'Cadet Congo Ganja', Tim Bailey
Oil on canvas, 40.5 x 30.5cm, 2007/08
The title of this painting was produced with internet software used to form Jamaican Creole names from English names. The phrase suggested a fusion of Mr Kurtz from Conrad's 'Heart of Darkness' and Colonel Kurtz from Coppola's 'Apocalypse Now.' In the novella, Kurtz was an ivory-trader on the Congo, while in the film he was an American soldier illegally encamped in Cambodia during the war in Vietnam. My Kurtz, 'Cadet Congo Ganja', is a cultural composite, a bust-portrait of a bald young Caucasian wearing the uniform of a West Point military cadet, his face modified by war paint that is part clown and part warrior.
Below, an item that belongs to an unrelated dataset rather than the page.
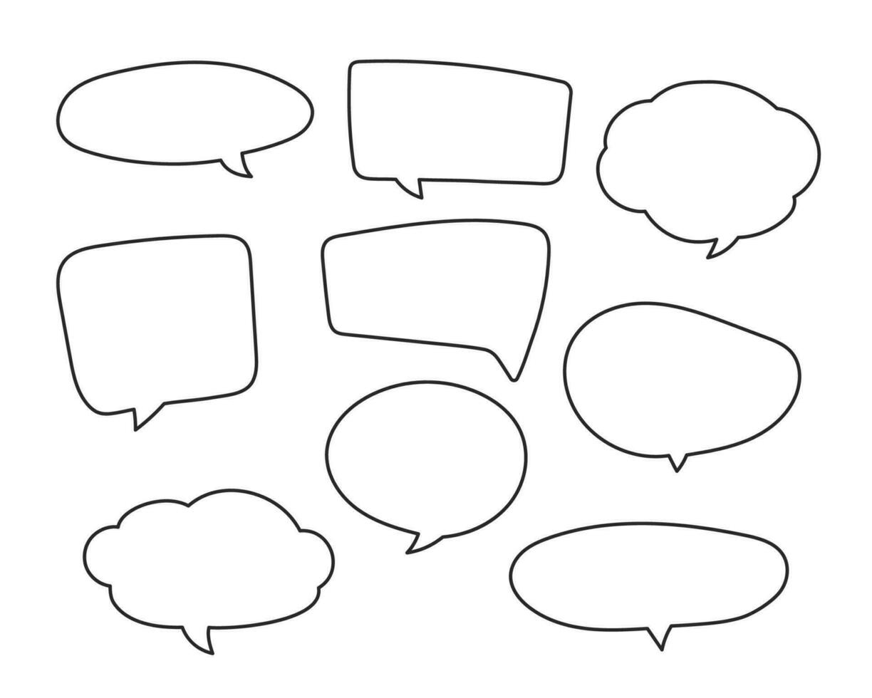 Speech symbol talk and thinking hand drawn style. Bubble with clouds thin line set. Pro Vector

My knowledge that Edgar Allan Poe was also a cadet at West Point (before his court-martial) may somehow have influenced this painting, which is from a series
of portraits of members of a fictional colonial family, 'The Rial Family'. The word 'Rial' ('royal' in English) is a modifier used by Jamaican Creoles to denote children of
mixed ethnic parentage. It refers to the Jamaican parent; so, for instance, Chinese/
Jamaican becomes Chiney-Rial. We arrive at this version of Kurtz-Royal, opaque and
as impenetrable as a joke told in a foreign language.
Tim Bailey was born in Flitwick, Bedfordshire in 1966.
He attended Central Saint Martins London 1985-88. He has exhibited
in group shows including 'Near Sharjah' Museum of Art United Arab Emirates 1998, 'Slimvolume 01' Austrian Cultural Institute London 2001, 'Like Beads On An Abacus Designed To Measure Infinity' Rockwell London 2005, 'Frozen Tears III' (book launch) Koenig Books London 2006 and '990: General History of Other Areas' Beacon Art Project Mablethorpe Lincolnshire 2007.